The exceptional case of General Lo and the other two overseas cases in Germany and Sweden add weight to the suggestion that Chinese intelligence may be evolving to pursue foreign targets outside China. By posting officers abroad, the Chinese intelligence services potentially gain access to information that would be unavailable otherwise. The normal pattern of Chinese operations, at least against Taiwan, limits Chinese sources to those who already have a connection to China. Yet, such sources also are unlikely going to be able to comment authoritatively on issues not directly related to China, e.g. U.S. policy in the Middle East or Taiwanese policy in Latin America. These cases serve as another potential data point along with Geng Huichang’s appointment as MSS Chief in 2007, which suggest that the intelligence services are becoming more involved in Chinese foreign affairs. (For a more thorough analysis, see “Assessing the Foreign Policy Influence of the Ministry of State Security,” China Brief, Vol. 11, No. 1, January 14, 2011)
In the final analysis, the Lai case indicates that counterintelligence services will need to respect China’s continuing efforts to exploit foreign nationals living or doing business there for intelligence purposes. The spate of Chinese espionage cases in the United States also followed similar lines to the pattern of operations against Taiwan, including the most recent case of Glenn Duffie Shriver (“Espionage Case Highlights Traditional Chinese Espionage,” China Brief, Vol. 10, No. 22, November 5, 2010). Whatever changes may be underway in the intelligence services’ role in foreign affairs, monitoring foreigners inside China will continue to create opportunities for Chinese intelligence. Most MSS personnel work in provincial and municipal-level bureaus to support local counterintelligence and investigations . Any change would require dramatic reform, indicating that domestically-based operations will continue to play an important role in the overall mix of Chinese intelligence operations for years to come, even if cases like General Lo’s become more common.

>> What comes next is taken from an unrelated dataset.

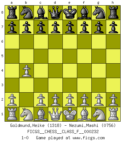 Last move : 1-0 2021 December 12 11:20:22 [Event "FICGS__CHESS__CLASS_F__000232"] [Site "FICGS"] [Date "2021.11.01"] [Round "1"] [White "Goldmund,Heike"] [Black "Nezumi,Mashi"] [Result "1-0"] [WhiteElo "1318"] [BlackElo "0756"] 1.b4 1-0 This chess game has been lost on time (started : 2021.11.01 15:45:13) Polish (Sokolsky) opening Player White won this chess game. Follow this game move after move (download)Fischer prefers to enter Chess history alone. (Miguel Najdorf) Alles was ich jemals tun will ist Schach spielen. (Robert James Fischer) El Ajedrez es un terrible juego. Si no controlas el centro, tu oponente tiene una posición mas holgada. Si tienes control del centro, ¡entonces realmente tu tienes algo de que preocuparte!. (Siegbert Tarrasch) Roi des jeux et jeu des rois, les échecs portent en eux un sentiment d'infini. Ils donnent à celui qui s'est efforcé d'en approfondir les arcanes l'impression de n'être pas à la mesure de l'homme; en fait, ils constituent un résumé de l'univers, un microcosme, et figurent cette grande échelle qui, dans les plans de la lumière descend jusqu'à la matière, qui des abîmes insondables remonte jusqu'en l'infini de Dieu. (Pyrame) The beginning is the most important part of the work. (Plato)

 United States v. Tai Shen Kuo, Gregg William Bergersen, and Yu Xin Kang, Affidavit before the US District Court for the Eastern District of Virginia (2008).
 Steve Tsang, “Zhou Enlai: The ‘Kashmir Princess’ Incident of 1955,” The China Quarterly 139 (Sept. 1994), 782; James Lilley with Jeffrey Lilley, China Hands: Nine Decades of Adventure, Espionage, and Diplomacy in Asia (New York: Public Affairs, 2004), 84–85, 136–137.
 Sharp observers could point to the efforts of Chinese defense attaché Hou Desheng to acquire U.S. cryptological secrets in 1987 as a fourth case; however, the nature of the case suggests opportunism rather than a deliberate effort to acquire intelligence abroad clandestinely. US counterintelligence set up Hou in a sting operation, offering to sell “secrets” to see if Hou would bite (Los Angeles Times, December 31, 1987).
 David Wise, Tiger Trap: America’s Secret Spy War With China (New York: Houghton Mifflin Harcourt Publishing Company, 2011), 5–19.
 This judgment is based on the expansion of the MSS from a central ministry with few provincial elements to a nation-wide ministry with elements in every province and many local-level state security departments and bureaus. For a brief history of this expansion under Minister Jia Chunwang, see “Assessing the Foreign Policy Influence of the Ministry of State Security,” China Brief, Vol. 11, No. 1, January 14, 2011.